Gail was already at an advanced age at that time and was showing signs of frailty. I knew this was my only chance to see her in person, and felt bad that I had missed it. However, all the people we met in Kasegaon that day spoke very fondly of Gail and her work.
Even though I never got to meet her, I encountered Gail multiple times through her writings and discussions on her with others interested in Maharashtra’s Phule-Ambedkarite movement. When a young friend of mine heard of her death today morning, she messaged, “Feeling like I’ve lost someone very close to me,” an emotion shared by many because no matter what their age, people who knew her work, did not just admire her but also felt kinship towards her.

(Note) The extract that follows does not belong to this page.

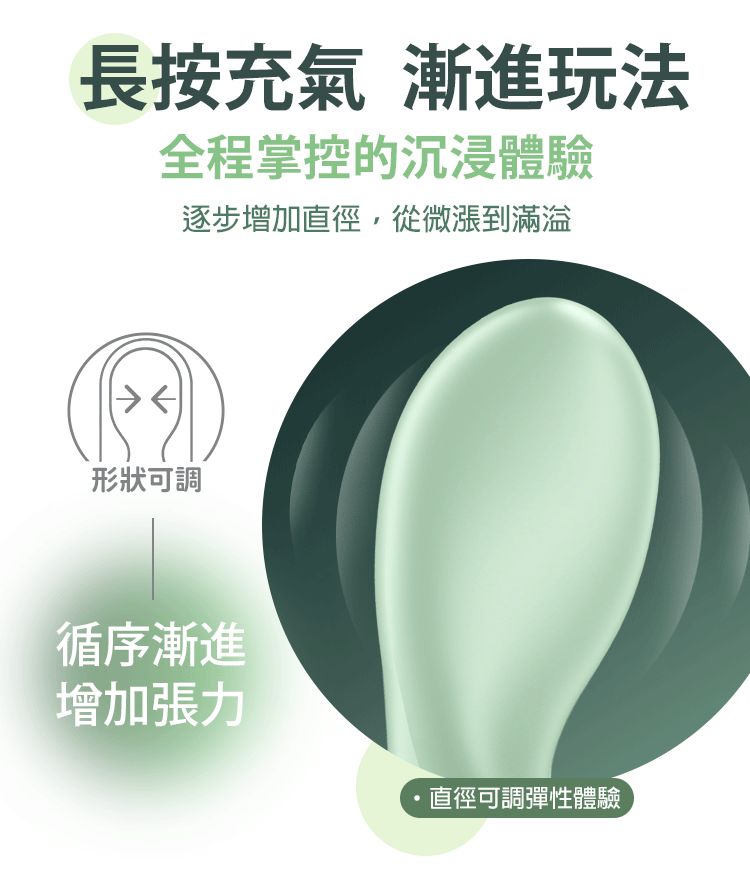 長按充氣鍵 ➝ 緩慢膨脹,形狀隨妳掌控

How did this white woman, who was born in Minneapolis, United States, end up in an interior village of Maharashtra? Gail’s PhD thesis was on the non-Brahmin movement in Maharashtra, inspired by Jotirao Phule and his Satyashodhak Samaj. As a sociologist, Gail learned Marathi and did extensive fieldwork in parts of the state. However, she did not remain just a scholar working in a university set-up.
With her husband Patankar – whom Gail had met in her movement work in Maharashtra, had fallen in love with, and gotten married to – she became an integral part of Maharashtra’s working class struggles, ranging from anti-caste movement to agricultural issues, Adivasi movement, environment to feminist movement.
Gail truly epitomised the figure of an activist-scholar. Her work on Phule was especially important because Phule and his Satyashodhak Samaj had faced complete neglect by Anglophone scholars till the 1970s. However, her book Cultural Revolt in a Colonial Society: The Non-Brahman Movement in Western India showed the revolutionary work done by Phule, his organisation, and the non-Brahmin movement that followed and reached its peak in the 1910s and 1920s just before the emergence of BR Ambedkar.
Ambedkar personally knew and had worked with many non-Brahmin leaders, including Shahu Maharaj, Keshavrao Jedhe, and Dinakarrao Javalkar. In a way, Ambedkar built on and carried forward the legacy of Phule and the Satyashodhak movement in his unique and charismatic style.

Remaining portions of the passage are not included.